● EXERCISE PROMPT:
Return the listing that follows exactly, with no pictures included.

● MATERIALS PROVIDED:

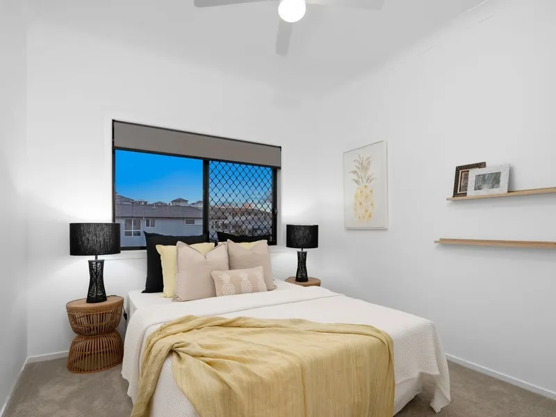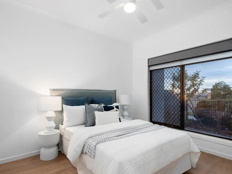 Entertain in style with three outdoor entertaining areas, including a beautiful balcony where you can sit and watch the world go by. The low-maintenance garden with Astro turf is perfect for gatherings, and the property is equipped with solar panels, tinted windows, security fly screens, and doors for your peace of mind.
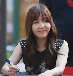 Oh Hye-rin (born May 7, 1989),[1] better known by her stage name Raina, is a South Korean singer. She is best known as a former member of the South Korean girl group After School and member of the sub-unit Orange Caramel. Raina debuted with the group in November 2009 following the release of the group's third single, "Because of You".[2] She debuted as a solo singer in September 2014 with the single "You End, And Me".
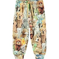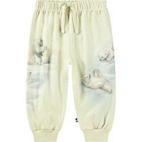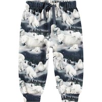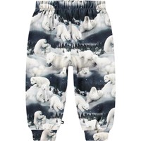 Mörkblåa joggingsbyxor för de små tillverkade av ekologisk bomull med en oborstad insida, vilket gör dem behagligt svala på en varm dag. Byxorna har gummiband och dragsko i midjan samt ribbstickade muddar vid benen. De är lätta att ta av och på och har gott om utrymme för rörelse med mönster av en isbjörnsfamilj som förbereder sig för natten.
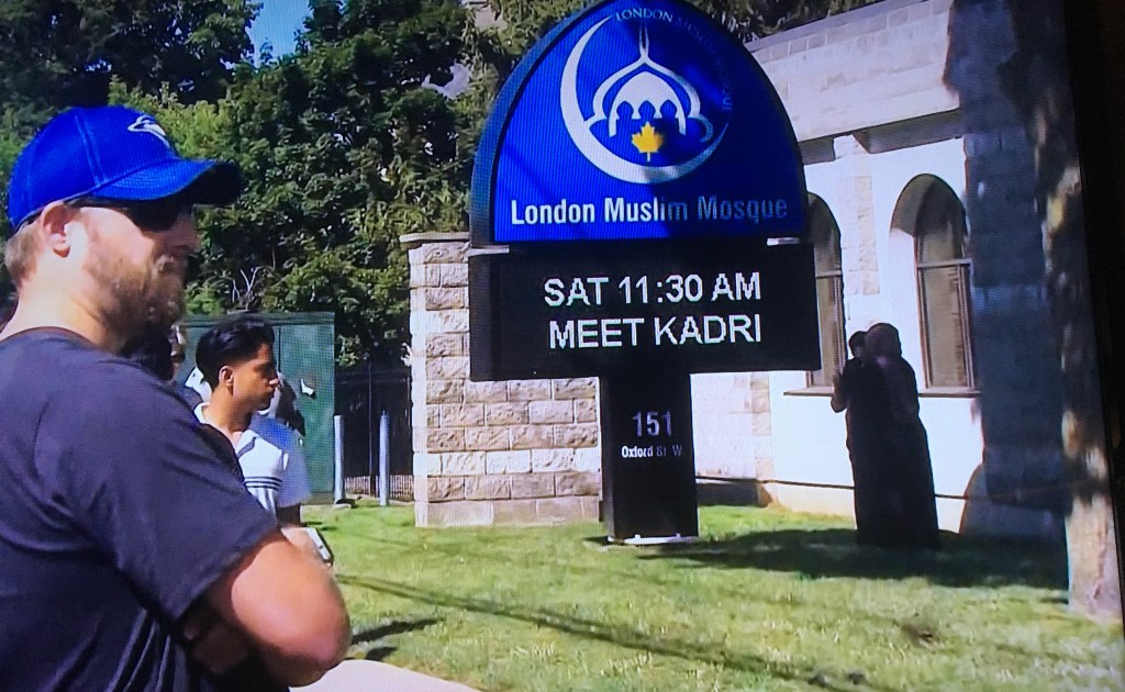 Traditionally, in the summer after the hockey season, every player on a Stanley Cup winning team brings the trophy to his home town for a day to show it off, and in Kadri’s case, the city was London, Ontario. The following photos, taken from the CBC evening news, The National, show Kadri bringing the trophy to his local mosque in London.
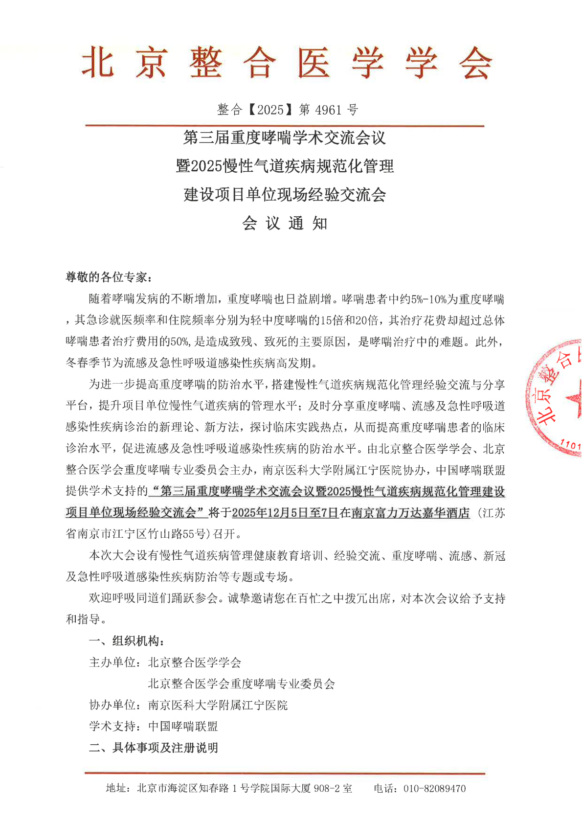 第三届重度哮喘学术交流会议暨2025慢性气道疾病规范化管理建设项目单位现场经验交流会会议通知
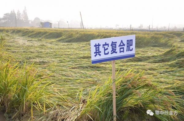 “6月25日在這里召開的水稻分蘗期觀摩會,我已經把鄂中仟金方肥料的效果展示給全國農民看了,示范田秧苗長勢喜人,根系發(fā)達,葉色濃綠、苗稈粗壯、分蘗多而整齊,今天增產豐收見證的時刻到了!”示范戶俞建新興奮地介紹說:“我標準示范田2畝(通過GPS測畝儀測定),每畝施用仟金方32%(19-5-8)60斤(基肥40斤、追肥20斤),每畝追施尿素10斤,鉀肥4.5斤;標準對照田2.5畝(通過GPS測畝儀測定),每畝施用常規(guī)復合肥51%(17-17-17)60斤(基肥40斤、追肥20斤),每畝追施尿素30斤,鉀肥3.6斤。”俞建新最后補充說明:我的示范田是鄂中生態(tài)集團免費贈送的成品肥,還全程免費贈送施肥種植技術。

● RESPONSE BOX:
 Entertain in style with three outdoor entertaining areas, including a beautiful balcony where you can sit and watch the world go by. The low-maintenance garden with Astro turf is perfect for gatherings, and the property is equipped with solar panels, tinted windows, security fly screens, and doors for your peace of mind.
 Oh Hye-rin (born May 7, 1989),[1] better known by her stage name Raina, is a South Korean singer. She is best known as a former member of the South Korean girl group After School and member of the sub-unit Orange Caramel. Raina debuted with the group in November 2009 following the release of the group's third single, "Because of You".[2] She debuted as a solo singer in September 2014 with the single "You End, And Me".
 Mörkblåa joggingsbyxor för de små tillverkade av ekologisk bomull med en oborstad insida, vilket gör dem behagligt svala på en varm dag. Byxorna har gummiband och dragsko i midjan samt ribbstickade muddar vid benen. De är lätta att ta av och på och har gott om utrymme för rörelse med mönster av en isbjörnsfamilj som förbereder sig för natten.
 Traditionally, in the summer after the hockey season, every player on a Stanley Cup winning team brings the trophy to his home town for a day to show it off, and in Kadri’s case, the city was London, Ontario. The following photos, taken from the CBC evening news, The National, show Kadri bringing the trophy to his local mosque in London.
 第三届重度哮喘学术交流会议暨2025慢性气道疾病规范化管理建设项目单位现场经验交流会会议通知
 “6月25日在這里召開的水稻分蘗期觀摩會,我已經把鄂中仟金方肥料的效果展示給全國農民看了,示范田秧苗長勢喜人,根系發(fā)達,葉色濃綠、苗稈粗壯、分蘗多而整齊,今天增產豐收見證的時刻到了!”示范戶俞建新興奮地介紹說:“我標準示范田2畝(通過GPS測畝儀測定),每畝施用仟金方32%(19-5-8)60斤(基肥40斤、追肥20斤),每畝追施尿素10斤,鉀肥4.5斤;標準對照田2.5畝(通過GPS測畝儀測定),每畝施用常規(guī)復合肥51%(17-17-17)60斤(基肥40斤、追肥20斤),每畝追施尿素30斤,鉀肥3.6斤。”俞建新最后補充說明:我的示范田是鄂中生態(tài)集團免費贈送的成品肥,還全程免費贈送施肥種植技術。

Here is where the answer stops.